VON HEIKO SCHMITZ UND MARCUS HAMMES - zuletzt aktualisiert: 21.07.2010 - 13:38

Dormagen (NGZ). Für junge Wähler und Politikinteressierte gehören Online-Portale, Blogs und Soziale Netzwerke wie Twitter, YouTube oder Facebook zum Alltag. Die Dormagener Parteien und ihre Akteure nutzen das Internet unterschiedlich.

Gleich zwei Abgeordnete hatten im Frühling 2009 aus dem Deutschen Bundestag getwittert und damit eine muntere Diskussion entfacht. Ihre Online-Kurznachrichten an die Welt waren brisant, enthielten sie doch das Ergebnis der damaligen Bundespräsidentenwahl.
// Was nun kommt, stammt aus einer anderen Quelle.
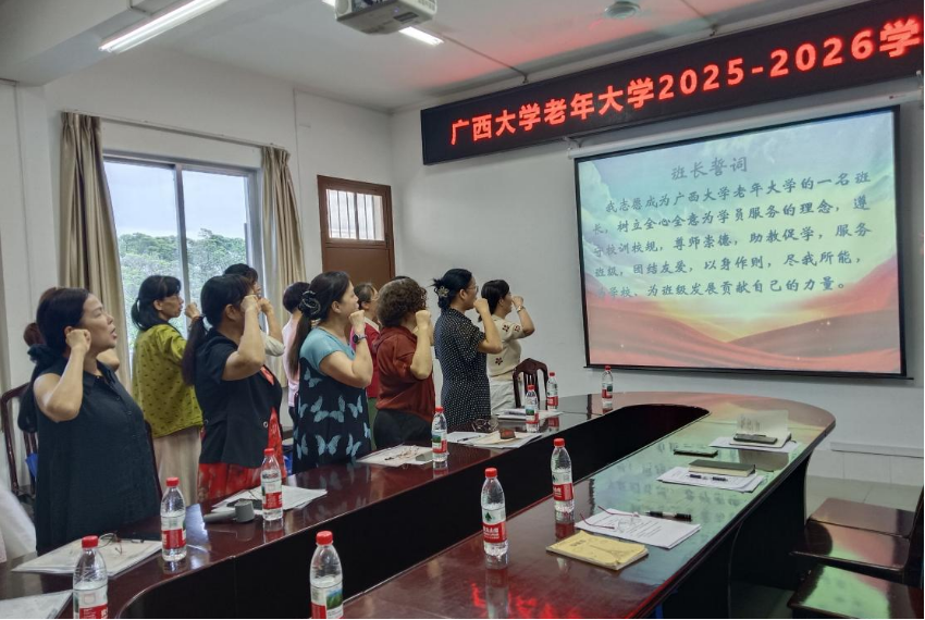 紧接着,会议进入庄严的班长宣誓环节。全体班长在领誓人王静班长的带领下,高举右拳,郑重宣誓。铿锵誓言回荡会场,彰显出班长们奉献银龄事业、服务老年教育的坚定决心。

Dass Horst Köhler von der Bundesversammlung wiedergewählt war, twitterte eine CDU-Abgeordnete bereits 15 Minuten vor der offiziellen Verkündung. Professionelle Medien hatten zu diesem Zeitpunkt noch keine Information zum Ausgang der Wahl. Spätestens seitdem ist das so genannte Web 2.0 in aller Munde. Was für junge Wähler und Politikinteressierte mittlerweile zum Alltag gehört, ist für die Parteien und ihre Akteure in Dormagen aber teilweise noch fremd. Die Parteien sind zwar vom Nutzen überzeugt, haben sich den Netzwerken bisher aber kaum angeschlossen. Nach und nach springen jedoch die Jungpolitiker auf den Social-Media-Zug auf.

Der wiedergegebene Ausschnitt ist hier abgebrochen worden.